Summary: 'perf top' segfaults
Product: [Fedora] Fedora Reporter: Dr. David Alan Gilbert <dgilbert>
Component: kernelAssignee: Kernel Maintainer List <kernel-maint>
Status: CLOSED ERRATA QA Contact: Fedora Extras Quality Assurance <extras-qa>
Severity: high Docs Contact:
Priority: high    
Version: 36CC: acaringi, adscvr, airlied, alciregi, bskeggs, geraldo.simiao.kutz, hdegoede, hpa, jarodwilson, jglisse, jonathan, josef, kernel-maint, lgoncalv, linville, masami256, mchehab, omosnace, ptalbert, rjones, rob, steved, ykaul
Target Milestone: ---Keywords: Regression
Target Release: ---   
Hardware: Unspecified   
OS: Unspecified   
Whiteboard:
Fixed In Version: kernel-5.17.11-300.fc36 kernel-5.17.11-200.fc35 kernel-5.17.11-100.fc34 Doc Type: If docs needed, set a value
Doc Text:
Story Points: ---
Clone Of: Environment:
Last Closed: 2022-05-28 01:15:05 UTC Type: Bug
Regression: --- Mount Type: ---
Documentation: --- CRM:
Verified Versions: Category: ---
oVirt Team: --- RHEL 7.3 requirements from Atomic Host:
Cloudforms Team: --- Target Upstream Version:
Embargoed:

Description Dr. David Alan Gilbert 2022-04-20 10:56:03 UTC
1. Please describe the problem:
sudo perf top   segfaults in what looks like an endless recursion

2. What is the Version-Release number of the kernel:
perf-5.17.0-300.fc36.x86_64
kernel-5.17.2-300.fc36.x86_64
libbpf-0.5.0-2.fc36.x86_64

3. Did it work previously in Fedora?
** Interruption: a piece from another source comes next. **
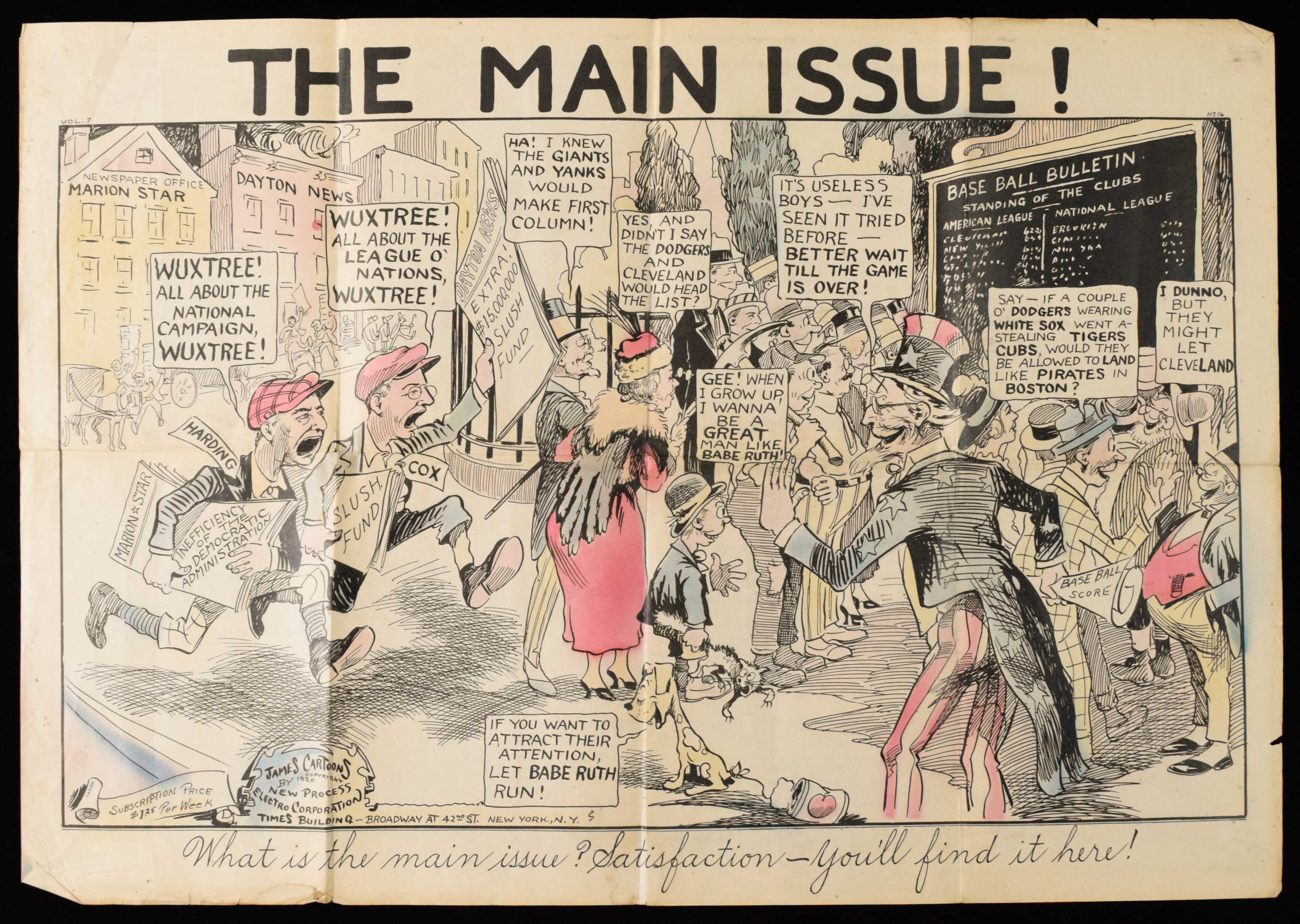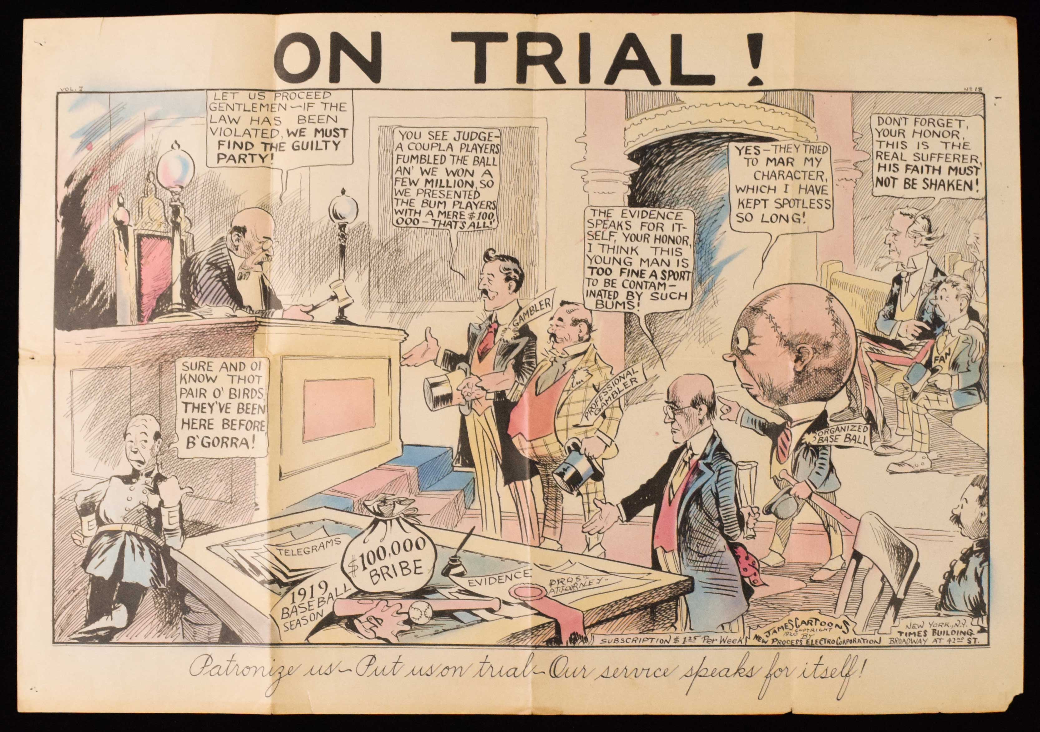Description:Lot of (2) rare c.1920 "James Cartoons" posters with 1919 World Series and Babe Ruth content (see description) Pair of rare oversized approx. 21.5"x31" paper stock posters are each marked "James Cartoons Copyright 1920 by New Process Electro Corporation…New York, N.Y. Times Building." The first is titled "On Trial!" and clearly relates to the Black Sox Scandal with the evidence table including a bribe, bat and ball, and "1919 Baseball Season" text. The other is titled "The Main Issue!" and shows Uncle Sam explaining to a pair of kids selling newspapers that they may as well wait until the days' baseball game is over. Text throughout relates to Babe Ruth. Both posters have fold lines and moderate wear throughout and the Ruth related piece has a tear to one corner. Much of the most notable wear (but not all) could likely be matted out when framed for display. Fold lines would remain visible: see description ($500-$1,000)

If so, what kernel version did the issue
   *first* appear?  Old kernels are available for download at
   https://koji.fedoraproject.org/koji/packageinfo?packageID=8 :
Im pretty sure it was OK in f35

4. Can you reproduce this issue? If so, please provide the steps to reproduce
   the issue below:
  sudo perf top



5. Does this problem occur with the latest Rawhide kernel? To install the
   Rawhide kernel, run ``sudo dnf install fedora-repos-rawhide`` followed by
   ``sudo dnf update --enablerepo=rawhide kernel``:
not sure

6. Are you running any modules that not shipped with directly Fedora's kernel?:
no

7. Please attach the kernel logs. You can get the complete kernel log
   for a boot with ``journalctl --no-hostname -k > dmesg.txt``. If the
   issue occurred on a previous boot, use the journalctl ``-b`` flag.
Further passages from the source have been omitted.